In general, this transcription attempts to retain the formatting, punctuation and spelling of the source text, including variant spellings such as “good by” and “wont” (instead of “won’t”). In a few cases where the quality of the images made a word or a punctuation mark hard to read, the obvious reading was considered the correct reading without comment.
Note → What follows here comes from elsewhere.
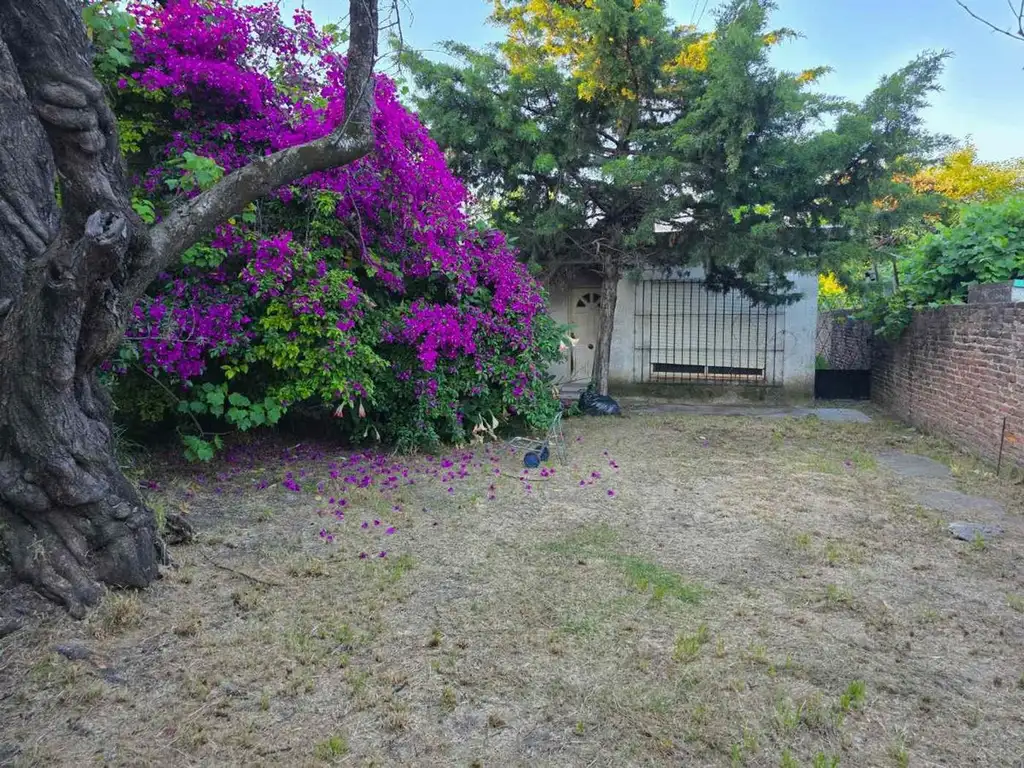 En el centro del terreno cuenta con una casa que posee un Living, dos dormitorios, ( uno grande y uno chico) y continuando hacia el fondo, la parte trasera de la casa que cuenta con una cocina y un baño. Este sector se encuentra para demoler.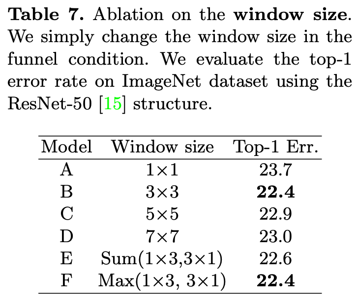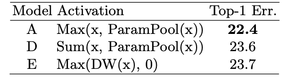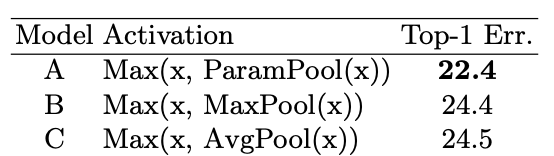 먼저, FReLU에서는 공간적 의존성을 획득하기 위해서는 Funnel Conditon(즉 Depthwise Convolution)을 이용하지만, 애초부터 파라미터가 필요할까? 여기서는 Funnel Condition의 대신에 Max Pooling/Average Pooling을 이용해봤다. 모델은 ResNet-50로 위 표가 Image Net의 결과이다. 명확히 파라미터를 포함한 Funnel Condition가 제일 좋은 결과를 나타내고 있다.

The following changes were made:

  • Cover and title page: Changed “Day Well Spent” to “A Day Well Spent.” The original title page gives the title as “Day Well Spent.” On the first page of the text and in the running title throughout, the title is “A Day Well Spent.”
  • p. 5: COTTON runs across from R. to L.—Added a closing parenthesis at the end of the stage direction for consistency.
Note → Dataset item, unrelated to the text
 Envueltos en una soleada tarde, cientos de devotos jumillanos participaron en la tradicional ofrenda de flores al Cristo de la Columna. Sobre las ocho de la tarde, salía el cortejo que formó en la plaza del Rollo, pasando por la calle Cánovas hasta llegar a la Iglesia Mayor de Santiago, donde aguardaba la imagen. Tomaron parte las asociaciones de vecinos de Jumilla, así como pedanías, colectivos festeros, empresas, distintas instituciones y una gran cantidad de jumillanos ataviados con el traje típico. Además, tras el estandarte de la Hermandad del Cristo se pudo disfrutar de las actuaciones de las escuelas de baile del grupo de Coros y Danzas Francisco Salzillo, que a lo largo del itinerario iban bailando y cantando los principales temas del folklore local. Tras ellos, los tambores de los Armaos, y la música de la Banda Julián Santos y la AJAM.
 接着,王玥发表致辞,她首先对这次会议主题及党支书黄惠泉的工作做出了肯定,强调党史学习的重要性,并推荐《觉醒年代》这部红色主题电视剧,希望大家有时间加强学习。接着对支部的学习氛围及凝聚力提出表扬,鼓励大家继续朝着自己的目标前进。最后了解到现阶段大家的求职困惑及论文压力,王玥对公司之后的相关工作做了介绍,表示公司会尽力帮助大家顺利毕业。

  • p. 8: BOLT. Ha, ha, ha! Yes.—(Aside) Dear Steele! She jumps at it.—I’m magnetic steel. (Whisper)—Inserted a period after “Aside” and “Whisper”.
  • p. 9: A Room at an Inn—A window open, with balcony, a little to the R. in flat,—A large screen—Deleted the comma after “flat”.
  • p. 10: (Whispers) I’ll tell you what we must do, Bobby,—Inserted a period after “Whispers”.
  • p. 12: Makes signs to BOLT—slips MISS BROWNS cloak and bonnet offchair—Changed “offchair” to “off chair”.
  • p. 12: I have it, Mr Cotton has a foreman named Bolt—Added a period after “Mr” for consistency.
  • p. 18: (Exeunt MISS B. and MRS. S. LH.)—Inserted a comma after “MRS. S.”